But also what I see a lot is SDR teams using AI in the wrong way. Instead of using insights to do cold calling or to really spend time personalizing a LinkedIn message, what they do is just send the same email to more people. Do you see that as well, Dave?
I did see that a lot at the start when ChatGPT started really coming into fashion. I think now it's less. But the knock-on effect is now email open rates and reply rates have cratered because prospects just got a flood of really bad generic AI-generated emails. This is where it's really critical that human-to-human piece is so important. I think it's better now.
Let's hope so. I really try to tell my BDRs, please personalize and use AI to help you as well, to give you insights and perspectives. That's what AI is there for. It's a huge luxury that I didn't have at the time. All right, let's go to building a shared signal taxonomy. Josh, what is that and why is that so important to create alignment?

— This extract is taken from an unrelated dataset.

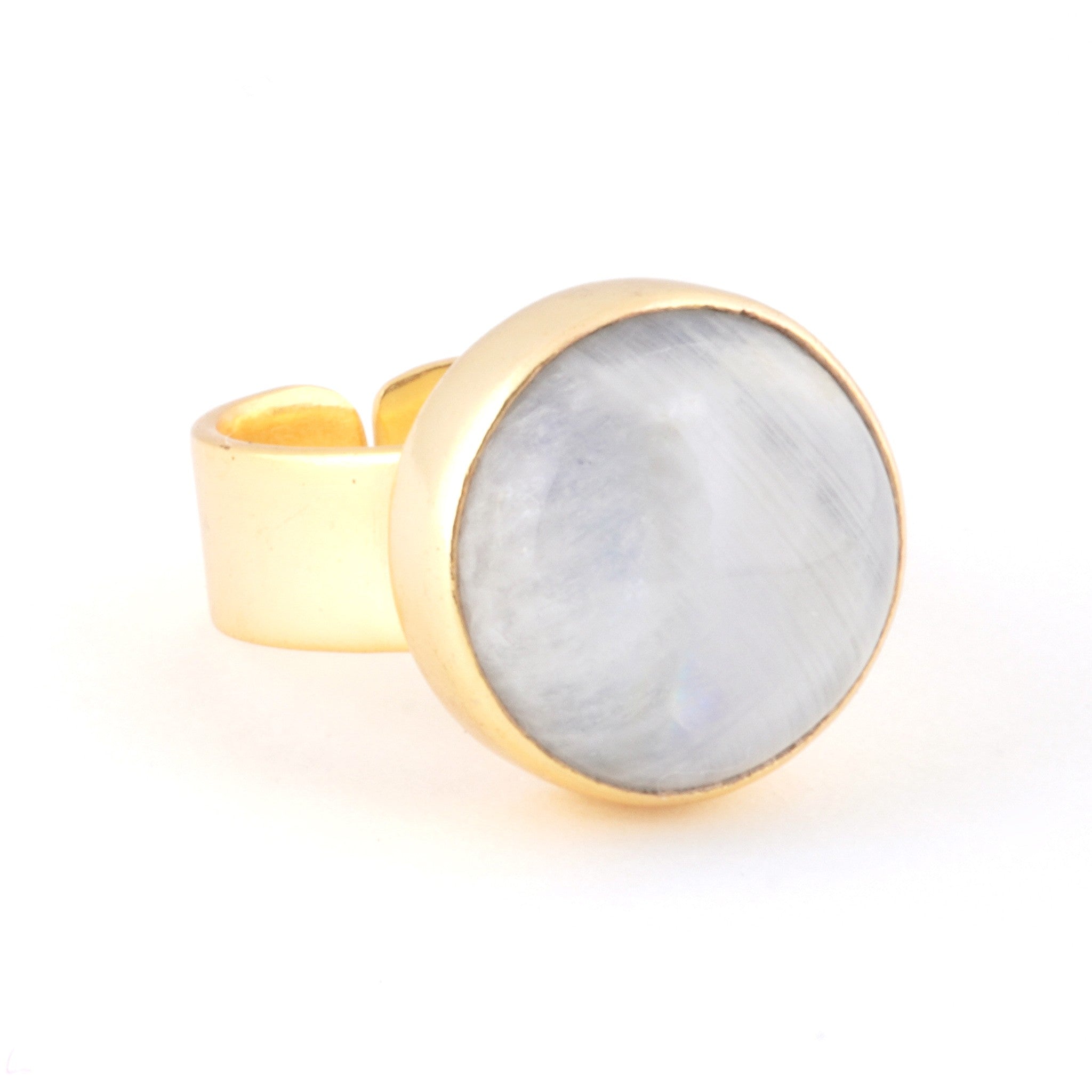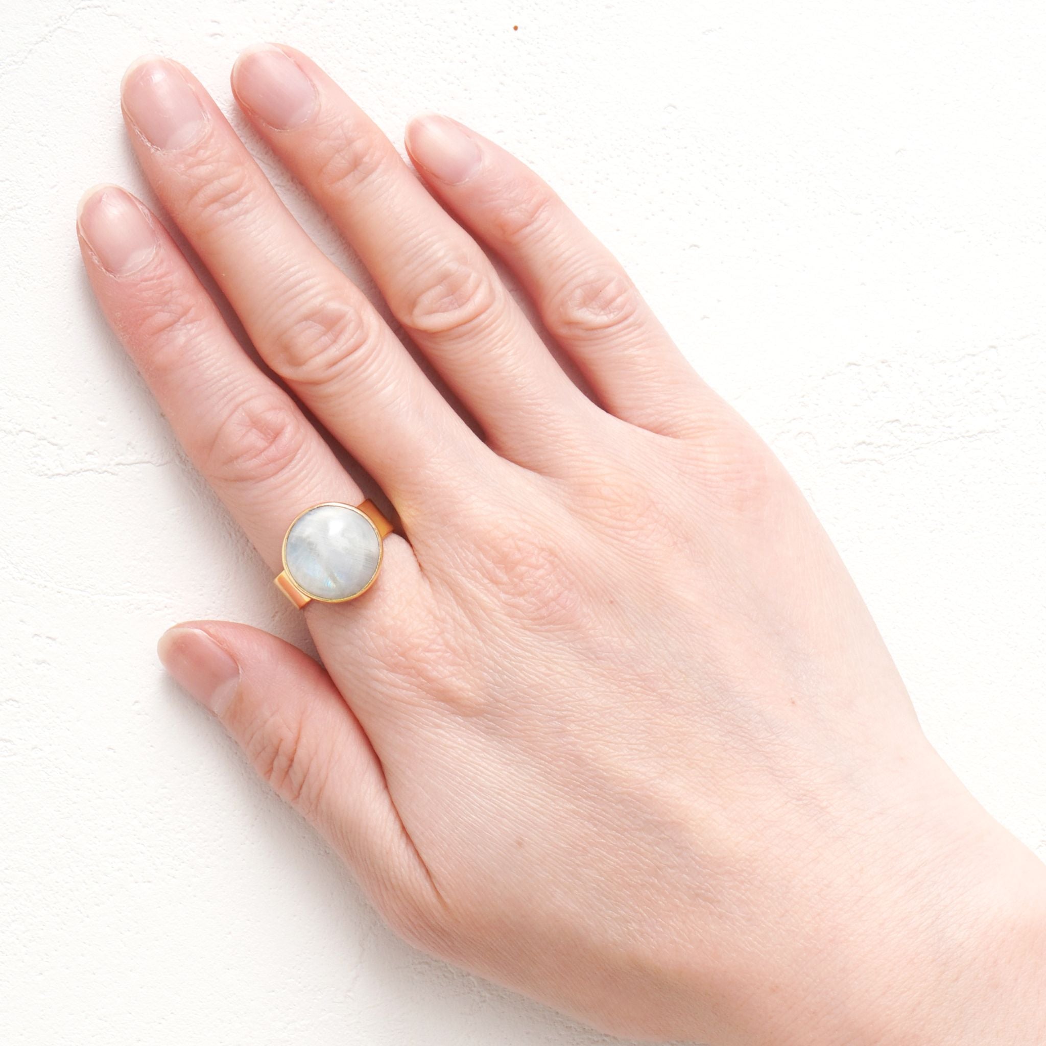 大ぶりの天然石が、まるでアートのように輝くリング。 身に着けるだけで、シンプルなコーデも一気に洗練された印象に。

Signal taxonomy can sound like you're trying to make something more complex than it actually is. Ultimately it's about how there's a mutual agreement: if we see this particular signal and we see these actions being taken by the accounts we're focused on, this is what we want to happen in terms of how the marketer is going to use that information and package it up, but also how the salesperson is going to act on it.
What we don't want to happen is that every account just gets treated in exactly the same way no matter how they're engaging. In the past, with clients and organizations I've worked with, especially larger ones, the default is that any kind of intent—doesn't matter what it is. Is it somebody visiting the pricing page? Is it somebody visiting the demo page? Is it just somebody searching and there's third-party intent signal? It could be completely unrelated. But it's flagged in the system and all that happens is the exact same default response. We send this to the AE. The AE goes and reaches out with the same message. There's no contextual thread between what that account is doing and what follow-up they actually receive.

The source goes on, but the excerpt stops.